Il n'avait pu s'empêcher d'intervenir. Cela avait été plus fort que lui, la question le taraudait depuis un moment déjà. Le mage leva vers lui des yeux perçants qui semblaient sonder son âme. Tous le dévisageaient, des exclamations étouffées fusaient autour de lui. Comment osait-il prendre part au débat, personne ne l'y avait invité ni même autorisé. Louis n'en avait cure, c'était lui qui posait les questions, ça avait toujours été lui. Il jeta un bref regard au cardinal dont l'expression n'avait pas changée.
« J'espérais une autre sorte d'aide mais je me rends compte que vous ne pouvez pas me l'apporter. Vous n'avez pas la foi. »

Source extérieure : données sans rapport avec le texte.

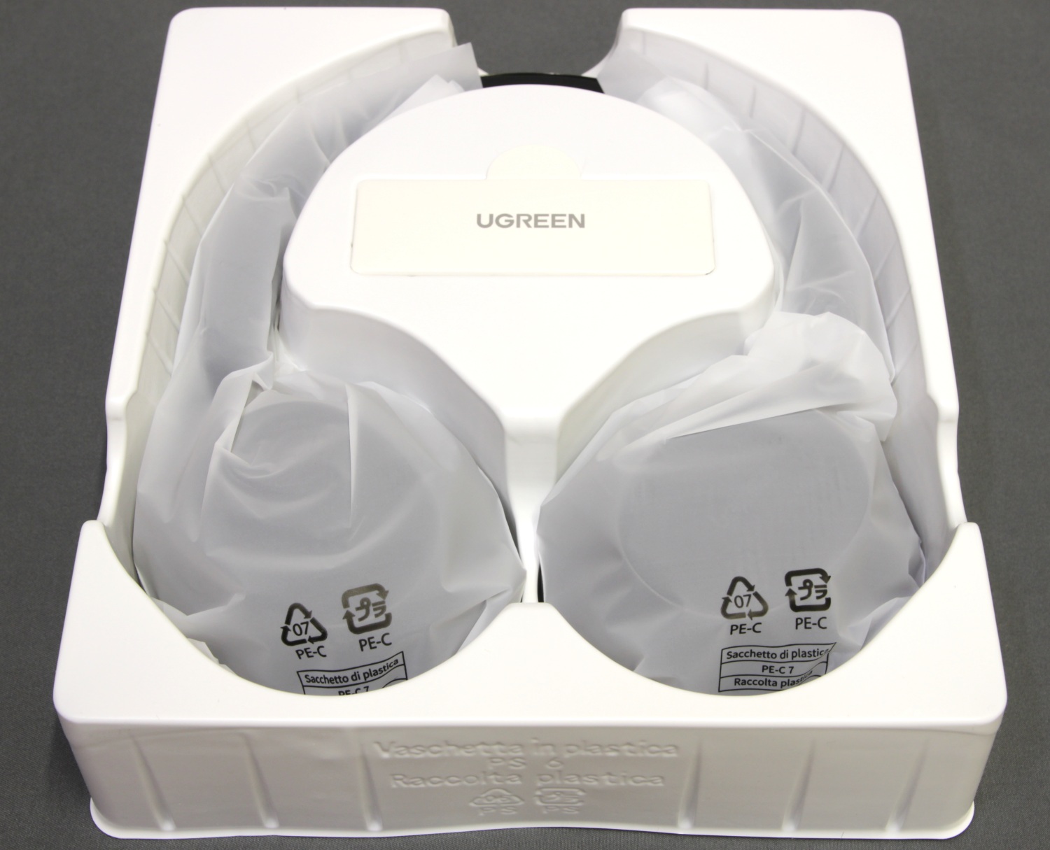 Здесь установлен пластиковый каркас, где в специальной нише, повторяющей форму устройства, размещаются сами наушники. По центру присутствует отсек с аксессуарами, который закрыт картонной вставкой. Каждая чашка дополнительно упакована в полиэтиленовый пакет. С обратной стороны в пакете лежат информационные носители.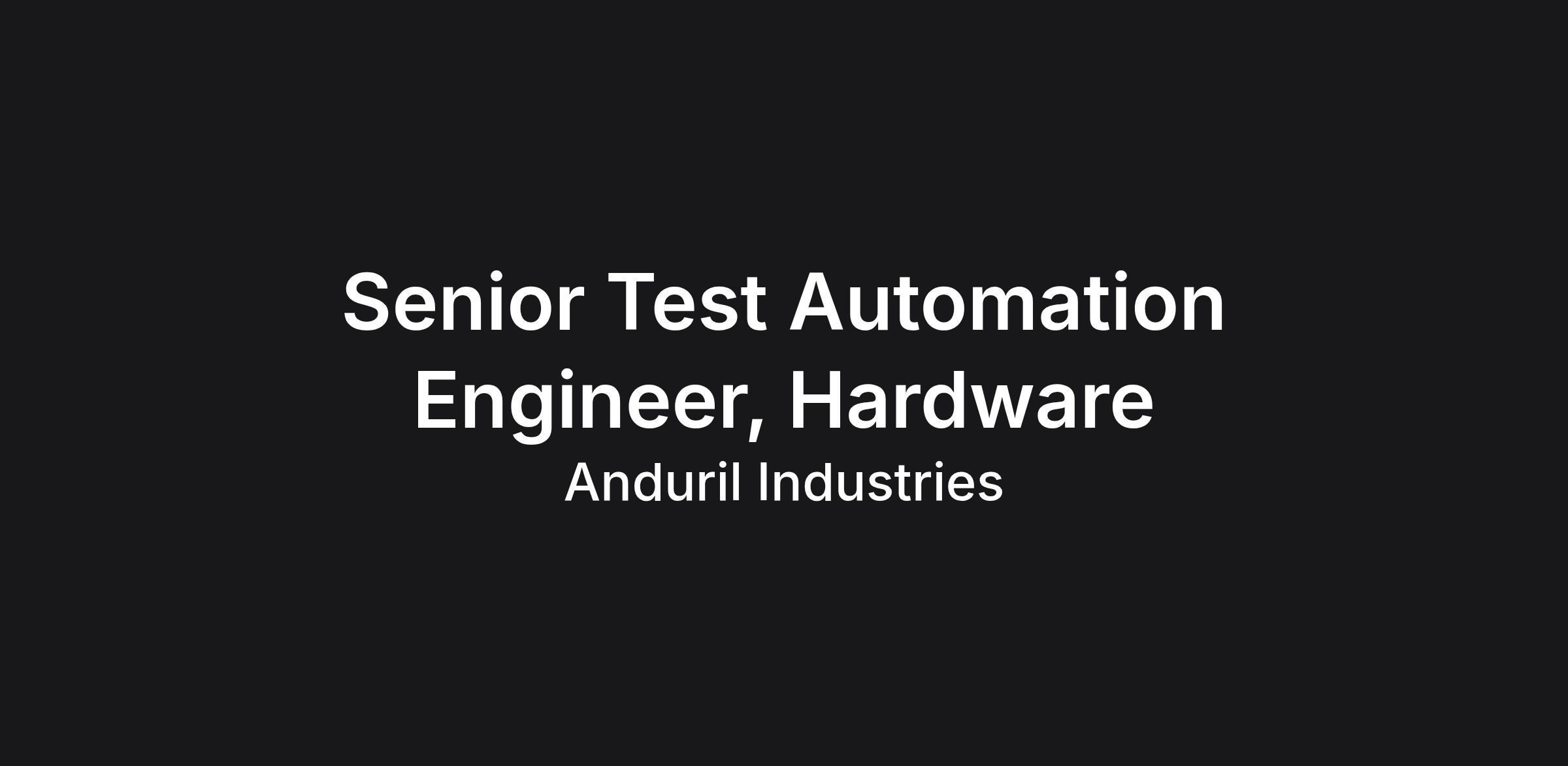 ike (TRS) is a division with two missions: 1) build highly capable autonomous drones, and 2) build solid rocket motors at scale. We transform products like Ghost, Anvil, Bolt, and Altius from early concepts into fully operational capabilities by partnering closely with specialist engineering, operations, and production teams. Through our Anduril Rocket Motor Systems (RMS) team, we design and manufacture solid rocket motors using advanced materials, proprietary formulations, and high-volume production methods—delivering safe, reliable propulsion systems that support a wide range of mission requirements. TRS hires software engineers & hardware engineers, who are excited to build across a diverse and powerful portfolio—from autonomous aerial systems to high-performance solid rocket motors. Our teams contribute to highly capable autonomous robotics systems and propulsion products that operate reliably in the most demanding mission environment. ABOUT THE JOB We are looking to bring on a Senior Test Automation Engineer, Hardware to design and deliver test systems for Anduril’s electronic products. This person will work to identify gaps in test coverage and own the design and delivery of the hardware and software test solution. A strong Test Design Engineer will need to have a proven track record of delivering turn-key test solutions for electronic components and systems and a background in hardware, software, integration and sustainment. WHAT YOU'LL DO Manage a small team of Test Automation Engineers to deliver End to End test solutions for customers Define, own, and execute End of Line test plans for a set of new products and features, in collaboration with firmware, software, and hardware design teams Define and implement test strategies that optimize product safety, product reliability, risk mitigation, FMEA coverage, and schedule Design and execution of PCBA and electrical system components with hands on testing and rework as necessary Data analysis and clear communication of results and collaboration with design engineers to resolve any product problems found via test Design and implement next generation test automation hardware systems to facilitate fast and repeatable testing of product Execution and management of purchasing, build, integration and final commissioning of functional testers Develop test procedures and test automation from component level to system level Support board bring-up and bench validation as needed Support Design Engineer with DFT, provide feedback from test results to improve quality and test coverage Support manufacture test bring-up and yield Support in Root Cause Analysis process Lead and participate as a key contributor in design reviews Provide technical mentorship to engineering teams REQUIRED QUALIFICATIONS Bachelor’s Degree in Electrical Engineering or equivalent 8+ years of hands on electrical engineering experience designing functional test equipment 5+ years of experience in Schematic Capture and/or PCBA layout (experience with Altium Designer is a plus) 2+ years of experience in scripting language to develop automation (C/C++/C#, Python, or MATLAB – experience in LabVIEW is a plus) Experience with peripherals and developing test and validation strategies Advanced experience with computer hardware communication bus protocols: USB, I2C, I2S, CSI, Ethernet, SPI, PCIe, HDMI, CAN, serial comms, etc. Collaborate with a cross-functional team to support product development from prototype to production Understanding of lab safety protocols when working in all types of lab environment Familiarity with measurement analysis techniques such as Gage RR and Process Capability Analysis Understanding both hardware and software integration and test process Experience with source code revision and control (experience with GitHub is a plus) Must be eligible for a Security Clearance PREFERRED QUALIFICATIONS Master’s Degree in Electrical Engineering or equivalent Proficiency in MS Word, Excel, PowerPoint and VISIO A detail-oriented individual who strives in an environment that values effective team collaboration Hands-on experience with NI TestStand software Experience in Product Release Cycle from prototype to production and key deliverables of each phase Experience RF test equipment such as Vector Network Analyzers, Spectrum Analyzers, Signal Generators, and Power Meters Experience with testing RF components like power amplifiers, transmitters, receivers, and filters Experience with wired networking technologies (Gigabit, 10Gigabit) Hands-on experience with complex networking equipment, a deep understanding of networking protocols, test design and implementation chops and a background in IP network design US Salary Range $126,000 - $167,000 USD The salary range for this role is an estimate based on a wide range of compensation factors, inclusive of base salary only. Actual salary offer may vary based on (but not limited to) work experience, education and/or training, critical skills, and/or business considerations. Highly competitive equity grants are included in the majority of full time offers; and are considered part of Anduril's total compensation package. Additionally, Anduril offers top-tier benefits for full-time employees,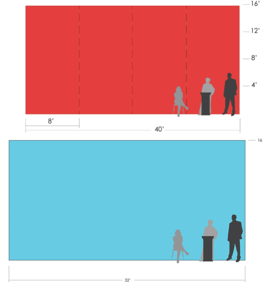 - All AV Drop walls are exact sizes. Dimensions cannot change onsite.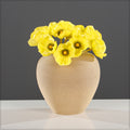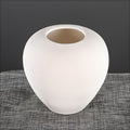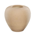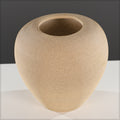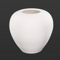 A rounded, short vase with a wide body and a narrow opening at the top. The vase has a smooth, organic shape resembling a pot or urn, with gently curved sides. It features a light beige or sandy color or white and fine horizontal ridges that give it a subtle, textured finish. Its natural tone and minimalist design make it ideal for earthy, rustic, or contemporary interior decor.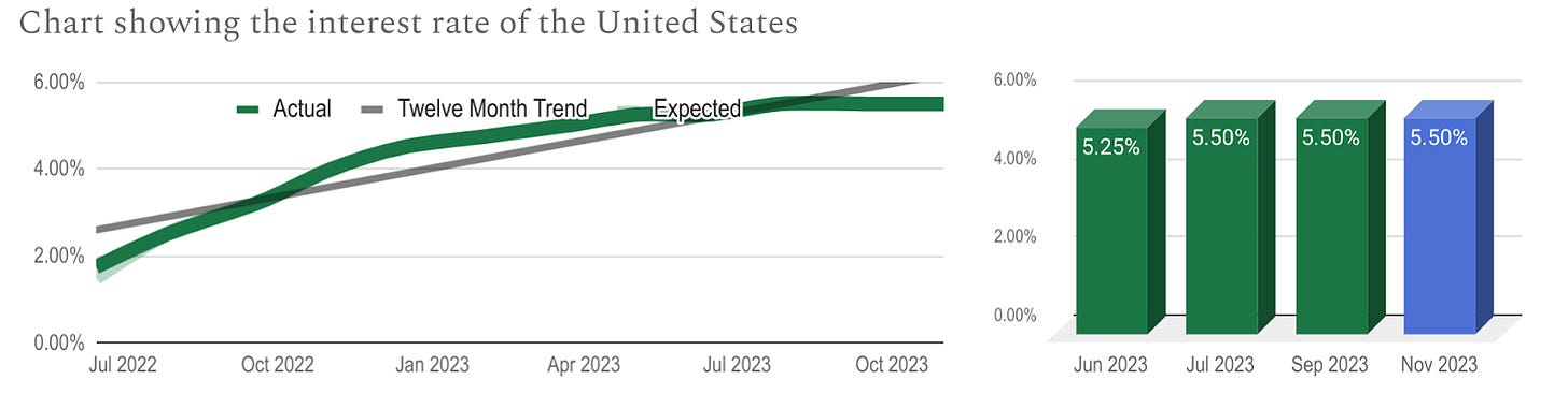 The interest rate of the US was held at the November meeting after being held in September but had been hiked throughout most of the previous twelve meetings. This indicates that the Federal Reserve is moving away from its ultra-hawkish stance as inflation has been falling quickly. Trading Economics forecast another hike to reach a peak of 5.75% and 2024 to see cuts to 5.25%.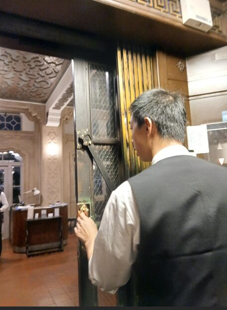 関西に住まう人であれば「よく天気予報の背景とかになっているあのお店ね」というおなじみの建物で、四条の鴨川沿いという好立地にある歴史と伝統のある中華料理店なのだそうです。私の最大の楽しみは日本最古のエレベーターに乗ることで、某ビル設備の企業様のプレゼンテーションで「昔はエレベーターに運転手がいた」というくだりが印象的だったのですが、実際に運転手が動かすエレベーターに乗ることが出来ました!由来は1924年米国で製造、輸入されたOTIS製とのことです。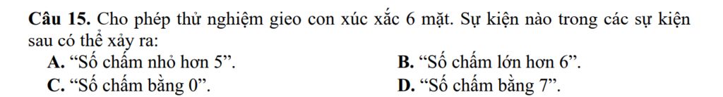 `=>` Sự kiện có thể xảy ra là “Số chấm nhỏ hơn `5`"
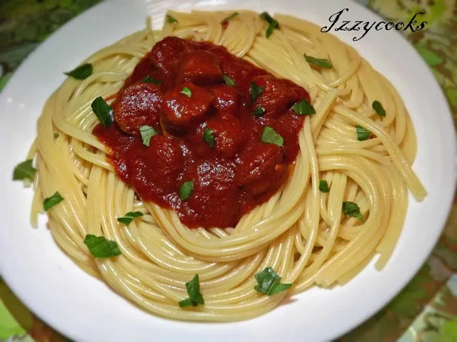 Спагети с пушена наденица

Le coup porta. Malgré sa santé chancelante, Joseph de Montería bondit de son siège et, pour la seconde fois de la journée, Louis mit la main à la garde de son épée. Les crissements des lames contre le cuir des fourreaux retentirent dans toute la salle. Les soldats de Fort-Levant, les pirates de Voile-Morte, tous l'entouraient, armes au clair, à présent. Seuls les faeries avaient fait un pas en arrière, faussement pacifiques, dans l'attente des instructions de leur maître.
« Allons, messieurs, du calme, je me suis mal exprimé ! Je vous prie de bien vouloir m'excuser, votre Excellence. Vous aussi, Père Longsault. Loin de moi l'idée de vous insulter. Je ne parlais pas de cette sorte de foi, cela va sans dire.
— Il n'y a qu'une seule sorte de foi ! »
Sa voix tonna comme un orage d'été puis Louis tourna les talons. L'assistance s'ouvrit devant lui et il quitta la salle à grands pas indignés. Il s'était mal exprimé. Mais bien sûr... Il n'y croyait pas une seconde, personne ne lui ôterait de l'esprit qu'en disant cela, le maître enchanteur de Faeril, lui aussi, savait ce qu'il faisait.